You're looking at Less Wrong's discussion board. This includes all posts, including those that haven't been promoted to the front page yet. For more information, see About Less Wrong.

MattG comments on Open Thread, Dec. 28 - Jan. 3, 2016 - Less Wrong Discussion

10 Post author: Clarity 27 December 2015 02:21PM

You are viewing a comment permalink. View the original post to see all comments and the full post content.

Comments (144)

You are viewing a single comment's thread. Show more comments above.

Comment author: [deleted] 04 January 2016 06:04:19PM 1 point [-]

Besides, searching for talent has costs. You're much better off searching for talent at top tier schools than at no-name colleges hoping for a hidden gem.

That's the signalling issue - I'm trying to create a better signal so you don't have to make that tradeoff

What "types of questions" do you have in mind? And wouldn't liquidity issues be fixed just by popularity?

Question Example: "How many units will this product sell in Q1 2016?" (Where this product is something boring, like a brand of toilet paper)

This is a question that I don't ever see being popular with the general public. If you only have a few experts in a prediction market, you don't have enough liquidity to update your predictions. With prediction polls, that isn't a problem.

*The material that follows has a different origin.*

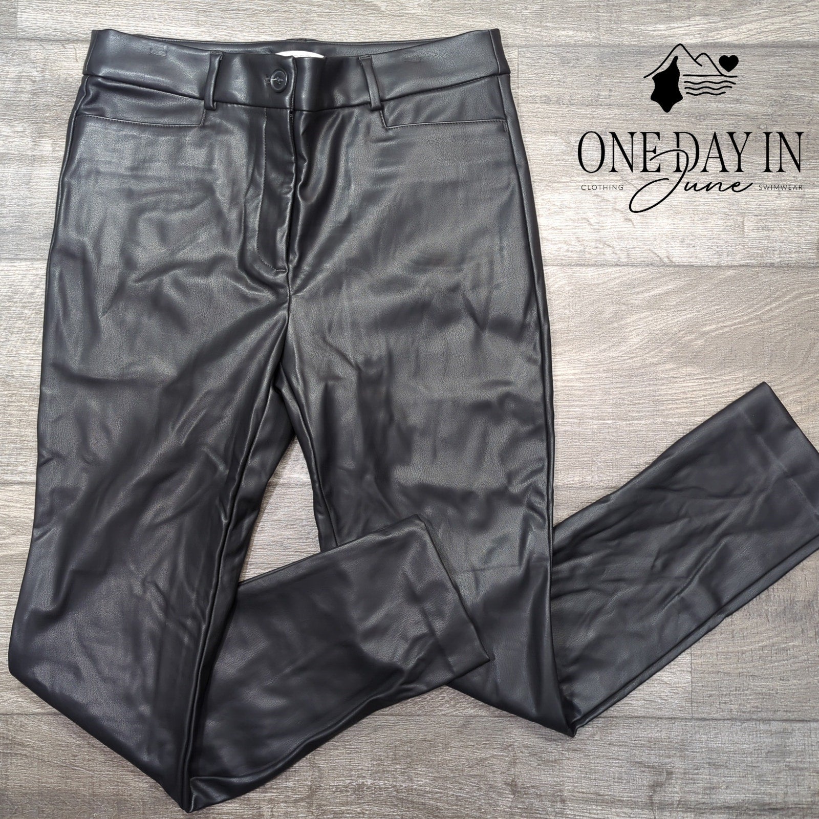 These sleek and chic black pants are quite the treat, with faux leather shine that can't be beat! Perfect for days when you want to look neat, these skinny style bottoms will make your outfit complete!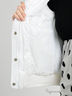 Утепленная короткая куртка белого цвета. Выполнена из непромокаемой плащевки. Съемный капюшон с мехом. Воротник стойка. Застегивается на молнию с ветрозащитой. Шесть карманов. Манжеты и низ изделия посажены на трикотажную резинку.

Comment author: Lumifer 04 January 2016 06:11:30PM 0 points [-]

That's the signalling issue

Why do you call that "signaling"? A top-tier school has a real, actual, territory-level advantage over a backwater college. The undergrads there are different.

If you only have a few experts in a prediction market, you don't have enough liquidity to update your predictions. With prediction polls, that isn't a problem.

I don't know about that not being a problem. Lack of information is lack of information. Pooling forecasts is not magical.

Comment author: [deleted] 04 January 2016 06:16:51PM 0 points [-]

Why do you call that "signaling"? A top-tier school has a real, actual, territory-level advantage over a backwater college. The undergrads there are different.

Because you're going by the signal (the college name), not the actual thing you're measuring for (forecasting ability).

I don't know about that not being a problem. Lack of information is lack of information. Pooling forecasts is not magical.

I meant a problem for frequent updates. Obviously, less participants will lead to less accurate forecasts - but by brier weighting and extremizing you can still get fairly decent results.